Considerable controversy centers on the extent of Heisenberg’s involvement with the Nazis during the war. Did he help them build nuclear weapons? Did he try to save fellow scholars from Nazi persecutions or the military draft? And why did he visit his old teacher and friend Bohr in Nazi-occupied Copenhagen? Was it to spy on the nuclear weapons activities of the Allies, to boast about Germany’s nuclear activities, or to initiate some sort of nuclear truce with the Allies that would include the mutual cessation of nuclear weapons research? Cassidy does a commendable job of presenting the evidence for all sides of each controversy and the evident weaknesses of the various arguments—he includes 45 pages of notes! He reminds readers of the passage of time and memory and the paucity of written documentation, and allows them to reach their own conclusions.
The controversy did not end with World War II, which resulted in the complete devastation of Heisenberg’s beloved Germany. His self-appointed task, at which he was largely successful, was to be a major factor in the rebuilding of German science to its pre-war eminence. In that task he could not afford to be tainted with the suspicion of wartime moral or professional lapses. Hence, colleagues and friends such as Carl Friedrich von Weizsäcker circulated the word that Germany’s failure to create a nuclear weapon during the war was due to the ethical reluctance of German physicists to provide Hitler with such weapons, rather than to any scientific or organizational failures on their part.
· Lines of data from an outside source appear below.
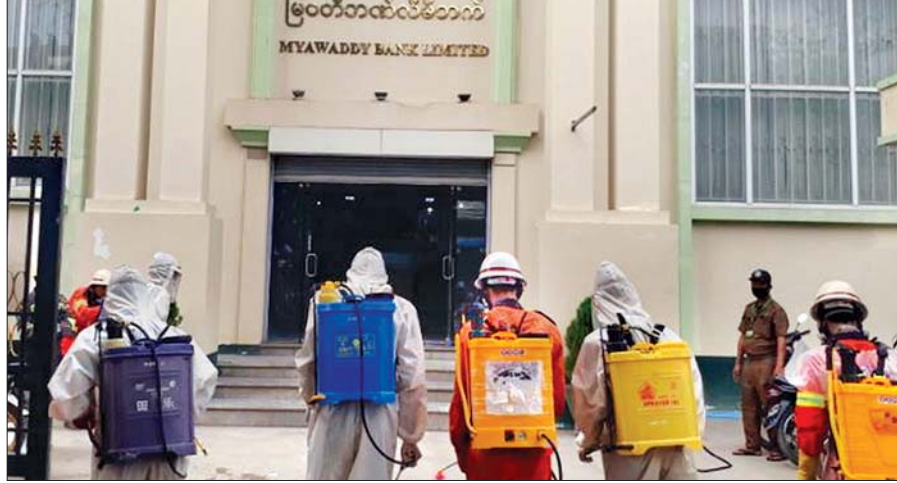
၂၈-၄-၂၀၂၀ရက်က ပြည်ကြီးတံခွန်မြို့နယ်ရှိ မြဝတီဘဏ်လီမိတက်တွင် အမှတ်(၂)ပင်မအလုပ်ရုံ၊ လျှပ်စစ်နှင့် စက်ပစ္စည်းအလုပ်ရုံ (ပလစ-၂)မှ အရာရှိ၊ စစ်သည်များ ပြည်ကြီးတံခွန်မြို့နယ် မီးသတ်တပ်ဖွဲ့ဝင်များ ပူးပေါင်း၍ COVID-19 ကာကွယ်ဆေးဖျန်းစဉ်။
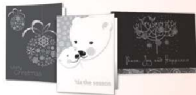
Exemples de cartes de souhaits.

MADD Canada s'est engagé à améliorer la sécurité de nos routes et de nos voies maritimes pour tout le monde. Votre participation au programme de cartes de souhaits de MADD Canada contribue à la réalisation de cet objectif.
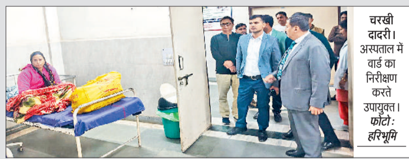
चरखी दादरी। अस्पताल में वार्ड का निरीक्षण करते उपायुक्त।

उपायुक्त डॉ. मुनीश नागपाल ने सोमवार को शहर के नागरिक अस्पताल का निरीक्षण किया और डॉक्टरों की हड़ताल के कारण अस्पताल में चिकित्सा सेवाओं की स्थिति का जायजा लिया। डॉ.सी ने अस्पताल परिसर में पहुंचकर मरीजों से बातचीत की और उन्हें उपलब्ध कराई जा रही स्वास्थ्य सेवाओं का फीडबैक लिया। निरीक्षण के दौरान उपायुक्त ने मरीजों को सुचारू सुविधाएं उपलब्ध करवाने संबंधी निर्देश भी अधिकारियों को दिए। निरीक्षण के दौरान आपातकालीन कक्ष, ओपीडी, लेबर रूम तथा सर्जरी वार्ड की व्यवस्थाओं की समीक्षा की गई। उपायुक्त ने कहा कि आम लोगों को किसी प्रकार की परेशानी न हो, यह जिला प्रशासन की प्राथमिकता है।
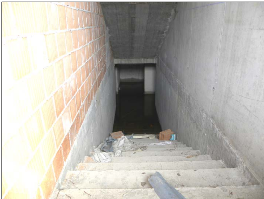
San Giorgio della Richinvelda (PN): parte costruita - ingresso cantine (allegate)
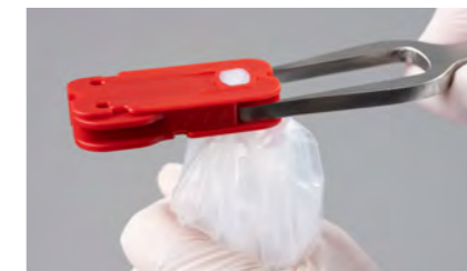
Öffner einstecken, der äußere Crimp öffnet sich
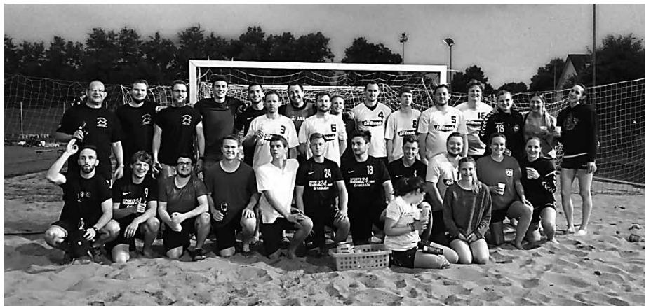
Herren auf dem Beachturnier in Walldorf

In den letzten Wochen der 1. Phase haben die HSG-Herren zusätzlich einmal pro Woche das Fitness-Studio in Schneppenhausen gemietet, wo sich die ambitionierteren Spieler eine gute Grundlage für die Saison schaffen sollen. Zu Beginn der 2. Vorbereitungsphase Ende
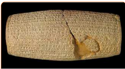
منشور کوروش (منابع دست اول) - در موزه بریتانیا در لندن
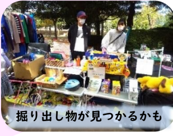
掘り出し物が見つかるかも
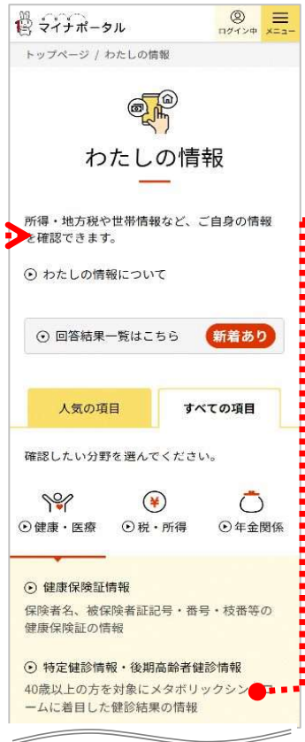
※令和2年度実施分以降の特定健診情報、 後期高齢者健診情報が対象
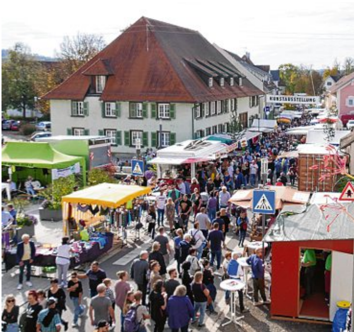
Der Kirchweih-Markt lockt jedes Jahr viele Besucher an.
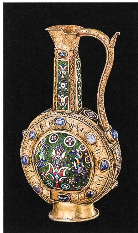
Aiguière dite de Charlemagne, seconde moitié du IX e siècle.

Les vestiges archéologiques témoignent ici d'un centre religieux de grande envergure, mis en place par l'évêque Théodore dès le IV e siècle, puis favorisé par le roi Sigismond au VI e siècle. Le programme architectural comprenait alors l'église martyriale au pied du rocher, une deuxième église alignée sur la première, un grand bâtiment de réception pour l'abbé-évêque ou roi-abbé et surtout un baptistère, constituant le centre symbolique et spatial du complexe religieux.
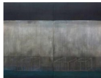
© Aliska Lahusen - Pluie 4, 2017, Mixed media. 210x280cm

Again, the author presents the available evidence, including the famous Farm Hall tapes (see Cassidy’s article with Jeremy Bernstein in Physics Today, August 1995, page 32), secretly recorded British intelligence tapes of technical and personal conversations among the German physics elite as they were comfortably captive in an English estate. The tapes document the German physicists’ surprise at the success of the Allied nuclear weapons program—the Manhattan Project—when it was made public by the destruction of the Japanese cities of Hiroshima and Nagasaki. Once again, the author lets readers make up their own minds. After reading the facts, I was left in profound disbelief of von Weizsäcker’s “ethical reluctance” story.
Beyond Uncertainty is interesting, well written, and amply documented. I urge Physics Today readers to read it and make up their own minds about the many questions raised in this excellent discussion of science, society, and the influence of the individual scientist.